[Leia a primeira parte do ensaio]
1.
A armadilha da biografia pode ser resumida na seguinte simplificação: munido de documentos, depoimentos e bibliografia, o autor imagina que conseguirá reproduzir a verdade sobre o protagonista da história a ser contada. Só que, na verdade, ele será incapaz de sair da superfície que é a marca d’água do dataísmo, que é o cenário em que a sociedade se encontra hoje: repletos de números e informações, as pessoas são incapazes de escolher conscientemente.
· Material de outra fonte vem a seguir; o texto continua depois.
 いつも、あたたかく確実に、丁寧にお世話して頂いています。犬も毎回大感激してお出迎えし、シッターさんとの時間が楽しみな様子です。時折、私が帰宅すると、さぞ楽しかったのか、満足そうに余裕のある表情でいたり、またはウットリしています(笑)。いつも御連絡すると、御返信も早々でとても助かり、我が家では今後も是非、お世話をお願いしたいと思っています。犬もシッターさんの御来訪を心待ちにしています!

Em vez disso, apelam para os dados como se os números tivessem a solução para o nosso dilema, como se a ciência da precisão fosse capaz de esconder nossos vieses conscientes, nossa visão de mundo, nossa perspectiva como intérpretes do mundo à nossa volta.
Dito de outro modo, a despeito das informações, dos documentos, dos testemunhos e da bibliografia, cabe ao autor, e somente ao autor, a assinatura do relato biográfico.
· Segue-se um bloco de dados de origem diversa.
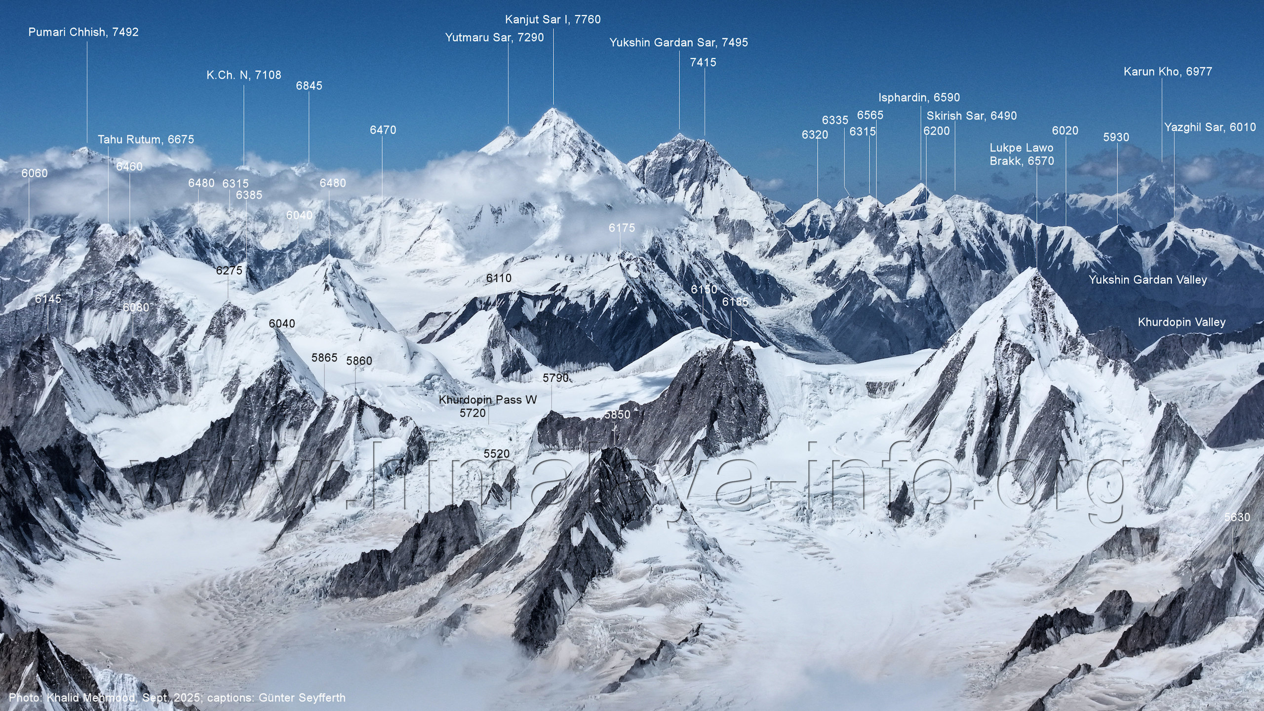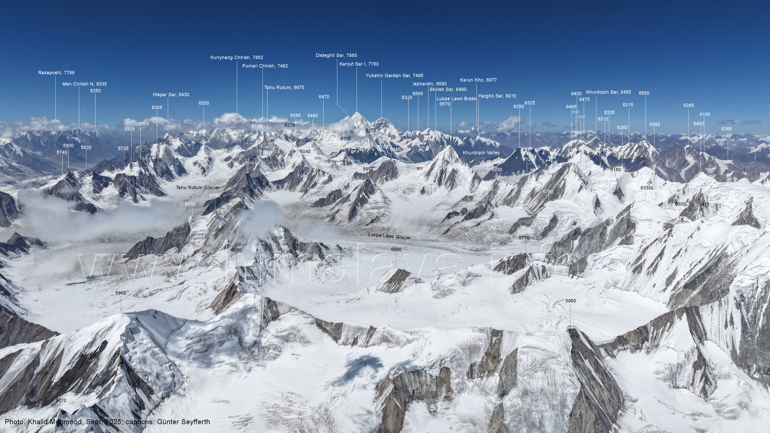 Sar I (7760 m), Tahu Rutum (6675 m), Khurdopin Sar (6455 m), Karun Kho

No caso de Capanema, essa consciência não veio, assim, de repente, pronta. Antes de entender “a natureza do processo”, tive de investigar o que foi a política brasileira na passagem do século XIX para o século XX; qual foi o sentido que regeu a Primeira República e seus personagens; qual era o espírito da época que norteou os modernistas antes e depois da Semana de 22; e por que Getúlio Vargas foi inevitável como força motriz do Brasil que foi forjado na Revolução de 1930 – isso para falar da primeira parte da biografia.
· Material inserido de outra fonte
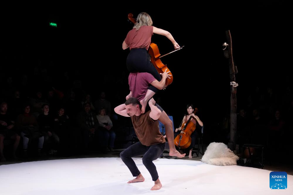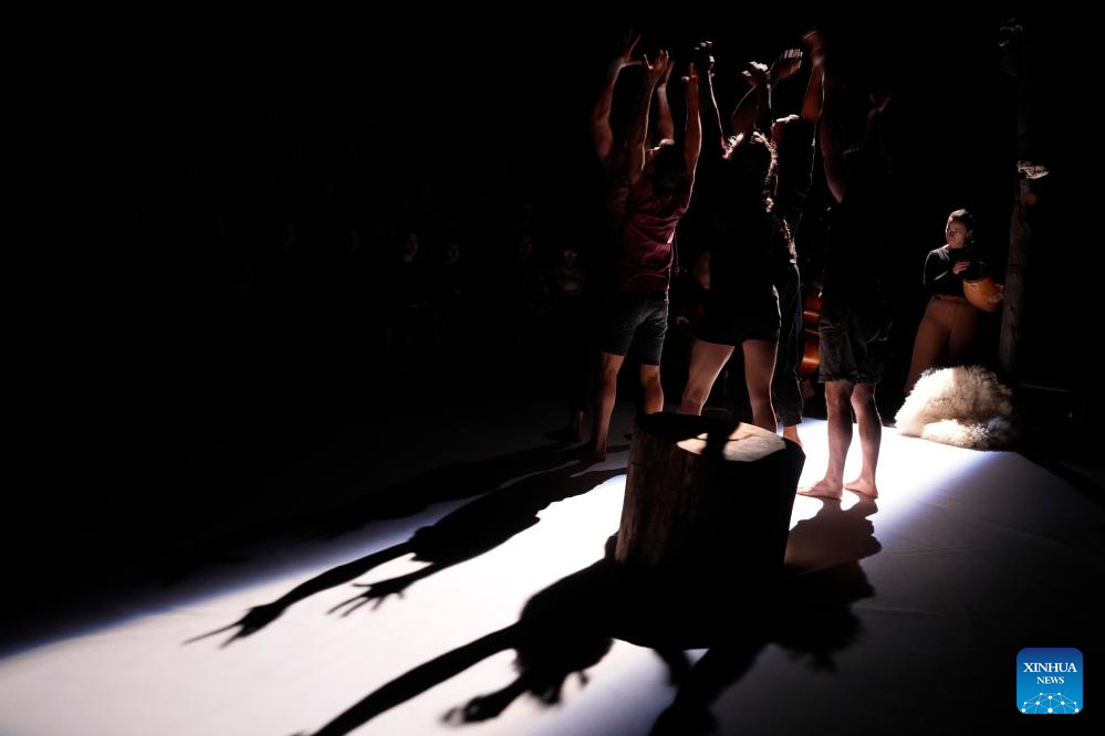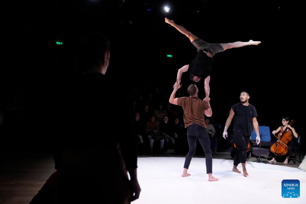MONTEVIDEO, 20 agosto, 2024 (Xinhua) -- Imagen del 19 de agosto de 2024 de artistas realizando una presentación durante la función de circo "Reclaim" de la compañía "Theatre d'Un Jour" de Bélgica en el marco del Festival Internacional de Artes Escénicas, en el Teatro Solís, en Montevideo, capital de Uruguay. (Xinhua/Nicolás Celaya)

O acesso mais lógico para alcançar essa compreensão era, sem dúvida alguma, buscar as leituras históricas sobre o período correspondente aos anos de formação de Gustavo Capanema. Nesse caso, a pesquisa se expandia: para além dos livros que tratavam especificamente da gestão Capanema à frente do Ministério de Educação e Saúde Pública entre 1934 e 1945, percorri os arquivos para entender as origens dessa pasta, ainda na chamada “República da Espada”, cujo nome era Ministério da Instrução Pública, Correios e Telégrafos. A abertura dessa “aba” me levou aos primeiros anos da República no Brasil – e à frustração de intelectuais como Lima Barreto, Euclydes da Cunha e Raul Pompéia com os rumos que aquela transição política, da Monarquia de D. Pedro II à “oligarquia do café com leite”, havia tomado. Então, além da história do período, em ordem cronológica, eu já estava mergulhando na literatura daquela época.
Aos poucos, começava a entender que precisava chegar no ponto cego para compreender a história desse personagem tão peculiar e, ao mesmo tempo, tão anódino que foi Gustavo Capanema.